The glass crushing apparatus 16 may be deployed from the transport configuration to the operational configuration manually or by a vehicle 44 such as, for example, a bucket front loader, as shown, or a forklift, skid steer, or any other vehicle suitable to help deploy the glass crushing apparatus 16. In this regard, the height of the upper platform 32 of the trailer 12 is preferably kept at a vehicle accessible height so that, when using the vehicle 44, the crusher support stand 38 and the glass crusher 40 may be retrieved and deployed by forks of the vehicle 44. Likewise, the crusher support stand 38 and the glass crusher hopper 42 may be sized and positioned so that the glass crusher hopper 42 can be fed and receive bulk used glass artifacts by the same or different vehicle 44, which may call for the hopper 42 to support a maximum loading height, for example, of six feet high and a maximum bucket width, for example, of four feet wide.
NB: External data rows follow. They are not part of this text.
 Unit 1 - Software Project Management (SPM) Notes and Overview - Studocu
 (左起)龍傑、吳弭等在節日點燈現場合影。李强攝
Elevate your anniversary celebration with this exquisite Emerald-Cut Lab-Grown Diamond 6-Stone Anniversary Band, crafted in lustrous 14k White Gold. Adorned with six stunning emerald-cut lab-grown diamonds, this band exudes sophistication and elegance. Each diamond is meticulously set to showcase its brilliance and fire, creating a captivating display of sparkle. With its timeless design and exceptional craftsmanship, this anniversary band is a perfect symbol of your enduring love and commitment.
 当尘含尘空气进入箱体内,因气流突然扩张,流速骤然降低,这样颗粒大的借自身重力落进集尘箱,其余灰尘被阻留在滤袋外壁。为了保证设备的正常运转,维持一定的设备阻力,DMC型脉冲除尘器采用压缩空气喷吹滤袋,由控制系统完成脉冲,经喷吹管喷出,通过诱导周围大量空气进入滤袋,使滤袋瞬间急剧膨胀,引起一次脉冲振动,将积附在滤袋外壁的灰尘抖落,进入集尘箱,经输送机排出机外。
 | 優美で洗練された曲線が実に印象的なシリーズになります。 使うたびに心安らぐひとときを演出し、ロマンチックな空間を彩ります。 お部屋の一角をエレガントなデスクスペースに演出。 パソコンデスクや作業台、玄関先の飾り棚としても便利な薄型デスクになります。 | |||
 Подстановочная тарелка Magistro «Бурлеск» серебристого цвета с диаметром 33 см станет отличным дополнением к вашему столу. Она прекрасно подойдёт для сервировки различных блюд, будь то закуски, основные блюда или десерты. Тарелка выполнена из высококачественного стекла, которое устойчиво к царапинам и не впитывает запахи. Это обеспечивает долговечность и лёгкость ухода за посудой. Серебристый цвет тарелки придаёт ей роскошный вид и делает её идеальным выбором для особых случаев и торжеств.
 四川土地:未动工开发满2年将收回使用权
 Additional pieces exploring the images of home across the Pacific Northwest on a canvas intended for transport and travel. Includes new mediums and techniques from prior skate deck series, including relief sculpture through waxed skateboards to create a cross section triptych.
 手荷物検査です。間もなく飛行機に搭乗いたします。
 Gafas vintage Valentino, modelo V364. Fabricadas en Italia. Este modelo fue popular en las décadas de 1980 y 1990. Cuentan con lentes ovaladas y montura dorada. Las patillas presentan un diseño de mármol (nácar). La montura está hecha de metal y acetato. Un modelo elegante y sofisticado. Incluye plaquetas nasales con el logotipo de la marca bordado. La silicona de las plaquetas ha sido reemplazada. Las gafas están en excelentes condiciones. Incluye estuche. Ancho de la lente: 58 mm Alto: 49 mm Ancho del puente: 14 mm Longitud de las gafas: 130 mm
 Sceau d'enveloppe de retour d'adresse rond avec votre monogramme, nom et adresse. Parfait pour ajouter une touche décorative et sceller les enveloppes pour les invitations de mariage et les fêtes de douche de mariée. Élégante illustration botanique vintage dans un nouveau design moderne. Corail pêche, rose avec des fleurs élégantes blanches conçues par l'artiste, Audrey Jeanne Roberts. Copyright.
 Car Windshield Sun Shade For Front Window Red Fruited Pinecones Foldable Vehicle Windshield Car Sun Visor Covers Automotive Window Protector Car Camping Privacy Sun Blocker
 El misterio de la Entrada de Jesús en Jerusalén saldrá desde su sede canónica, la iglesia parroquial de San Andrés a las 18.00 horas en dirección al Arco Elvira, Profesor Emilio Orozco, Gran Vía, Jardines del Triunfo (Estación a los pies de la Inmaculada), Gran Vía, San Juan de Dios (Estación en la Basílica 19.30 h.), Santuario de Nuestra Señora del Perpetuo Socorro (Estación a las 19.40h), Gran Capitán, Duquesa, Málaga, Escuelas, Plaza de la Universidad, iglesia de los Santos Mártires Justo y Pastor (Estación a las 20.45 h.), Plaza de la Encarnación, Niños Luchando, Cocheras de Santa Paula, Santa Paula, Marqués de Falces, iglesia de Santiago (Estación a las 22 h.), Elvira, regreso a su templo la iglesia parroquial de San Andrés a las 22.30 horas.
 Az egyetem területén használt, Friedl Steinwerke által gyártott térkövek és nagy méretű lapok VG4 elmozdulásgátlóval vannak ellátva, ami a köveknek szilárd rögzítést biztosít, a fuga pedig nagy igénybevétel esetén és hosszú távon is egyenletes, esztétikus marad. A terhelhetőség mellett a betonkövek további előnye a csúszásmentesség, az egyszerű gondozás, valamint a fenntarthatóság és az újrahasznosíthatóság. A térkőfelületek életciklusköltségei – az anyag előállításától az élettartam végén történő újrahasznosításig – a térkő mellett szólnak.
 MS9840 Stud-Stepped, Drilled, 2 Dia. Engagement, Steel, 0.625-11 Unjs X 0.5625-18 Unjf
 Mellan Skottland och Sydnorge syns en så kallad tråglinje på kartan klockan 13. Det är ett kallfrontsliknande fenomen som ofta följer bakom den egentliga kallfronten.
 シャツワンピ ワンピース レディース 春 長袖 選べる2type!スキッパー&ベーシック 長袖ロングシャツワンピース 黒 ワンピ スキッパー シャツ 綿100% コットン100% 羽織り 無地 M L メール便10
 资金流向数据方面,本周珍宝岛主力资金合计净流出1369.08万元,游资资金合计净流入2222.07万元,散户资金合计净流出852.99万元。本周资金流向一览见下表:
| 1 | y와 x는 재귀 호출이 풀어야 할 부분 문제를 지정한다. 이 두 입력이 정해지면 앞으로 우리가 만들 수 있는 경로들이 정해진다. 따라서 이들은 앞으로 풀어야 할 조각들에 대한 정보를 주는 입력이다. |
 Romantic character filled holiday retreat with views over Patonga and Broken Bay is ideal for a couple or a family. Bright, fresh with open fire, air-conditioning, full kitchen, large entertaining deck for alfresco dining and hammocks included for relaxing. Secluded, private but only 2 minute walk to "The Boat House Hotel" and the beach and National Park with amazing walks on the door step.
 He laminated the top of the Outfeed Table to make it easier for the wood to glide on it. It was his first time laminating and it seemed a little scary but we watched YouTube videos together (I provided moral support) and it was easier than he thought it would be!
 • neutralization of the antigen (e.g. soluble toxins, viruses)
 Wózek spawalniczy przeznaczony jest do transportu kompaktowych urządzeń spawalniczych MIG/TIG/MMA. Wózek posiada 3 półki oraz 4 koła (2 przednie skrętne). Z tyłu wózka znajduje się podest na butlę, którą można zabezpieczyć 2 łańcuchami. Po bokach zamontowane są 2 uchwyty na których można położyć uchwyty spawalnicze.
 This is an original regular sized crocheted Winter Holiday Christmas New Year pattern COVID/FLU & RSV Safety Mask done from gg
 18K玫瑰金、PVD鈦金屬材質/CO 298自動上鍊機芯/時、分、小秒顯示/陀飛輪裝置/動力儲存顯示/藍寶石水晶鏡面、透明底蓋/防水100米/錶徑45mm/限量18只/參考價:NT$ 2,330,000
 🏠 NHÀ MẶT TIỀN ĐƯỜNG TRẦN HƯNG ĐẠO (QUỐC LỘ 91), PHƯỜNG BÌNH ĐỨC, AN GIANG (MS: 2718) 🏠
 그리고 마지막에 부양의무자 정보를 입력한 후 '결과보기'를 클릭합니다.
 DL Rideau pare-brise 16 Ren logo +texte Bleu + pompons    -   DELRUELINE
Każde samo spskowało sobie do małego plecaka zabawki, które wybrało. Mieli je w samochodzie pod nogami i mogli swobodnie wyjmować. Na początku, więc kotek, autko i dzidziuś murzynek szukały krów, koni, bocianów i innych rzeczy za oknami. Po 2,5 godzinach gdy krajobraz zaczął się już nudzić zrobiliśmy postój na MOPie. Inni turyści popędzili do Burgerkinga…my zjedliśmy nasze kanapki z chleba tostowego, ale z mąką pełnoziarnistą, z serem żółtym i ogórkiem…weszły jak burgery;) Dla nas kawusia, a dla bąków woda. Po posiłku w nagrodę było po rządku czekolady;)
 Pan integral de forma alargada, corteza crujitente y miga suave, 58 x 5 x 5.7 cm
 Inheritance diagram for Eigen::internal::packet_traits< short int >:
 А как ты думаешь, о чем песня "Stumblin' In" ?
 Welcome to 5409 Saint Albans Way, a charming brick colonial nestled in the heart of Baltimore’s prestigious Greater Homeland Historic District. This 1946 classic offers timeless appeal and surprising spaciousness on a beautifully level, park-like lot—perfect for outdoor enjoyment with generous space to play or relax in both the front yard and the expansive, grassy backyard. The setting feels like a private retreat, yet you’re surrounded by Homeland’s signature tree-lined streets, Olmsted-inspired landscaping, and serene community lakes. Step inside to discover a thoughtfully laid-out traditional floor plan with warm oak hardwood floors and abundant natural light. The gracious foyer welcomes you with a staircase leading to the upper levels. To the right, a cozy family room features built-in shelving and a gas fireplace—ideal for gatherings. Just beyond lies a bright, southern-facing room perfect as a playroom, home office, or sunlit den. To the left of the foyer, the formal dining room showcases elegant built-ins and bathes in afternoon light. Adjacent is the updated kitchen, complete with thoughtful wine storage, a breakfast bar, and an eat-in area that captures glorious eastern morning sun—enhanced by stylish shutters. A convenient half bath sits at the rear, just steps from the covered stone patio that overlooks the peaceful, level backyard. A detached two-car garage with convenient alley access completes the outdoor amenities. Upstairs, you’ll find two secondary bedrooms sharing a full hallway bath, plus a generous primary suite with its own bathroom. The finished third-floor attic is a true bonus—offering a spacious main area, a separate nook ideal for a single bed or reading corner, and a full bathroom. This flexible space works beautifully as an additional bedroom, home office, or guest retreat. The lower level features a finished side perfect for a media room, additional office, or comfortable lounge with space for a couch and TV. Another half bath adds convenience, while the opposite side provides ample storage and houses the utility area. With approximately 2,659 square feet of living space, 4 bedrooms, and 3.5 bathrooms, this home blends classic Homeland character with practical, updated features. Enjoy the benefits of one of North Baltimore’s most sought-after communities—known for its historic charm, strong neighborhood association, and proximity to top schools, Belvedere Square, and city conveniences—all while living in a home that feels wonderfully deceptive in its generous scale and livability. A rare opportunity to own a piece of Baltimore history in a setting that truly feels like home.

Once in the operational configuration, the glass crusher hopper 42 receives the bulk used glass artifacts, preferably from the vehicle 44 or by some other feeding approach. For example, as shown in FIGS. 1 and 3, the vehicle 44, now equipped with a front load bucket, collects a load of bulk used glass artifacts in its bucket and dumps the load of bulk used glass artifacts into the glass crusher hopper 42. Accordingly, to load the glass crusher hopper 42 and charge the glass crusher 40 with used glass artifacts, it is unnecessary to use an excavator or other large industrial equipment.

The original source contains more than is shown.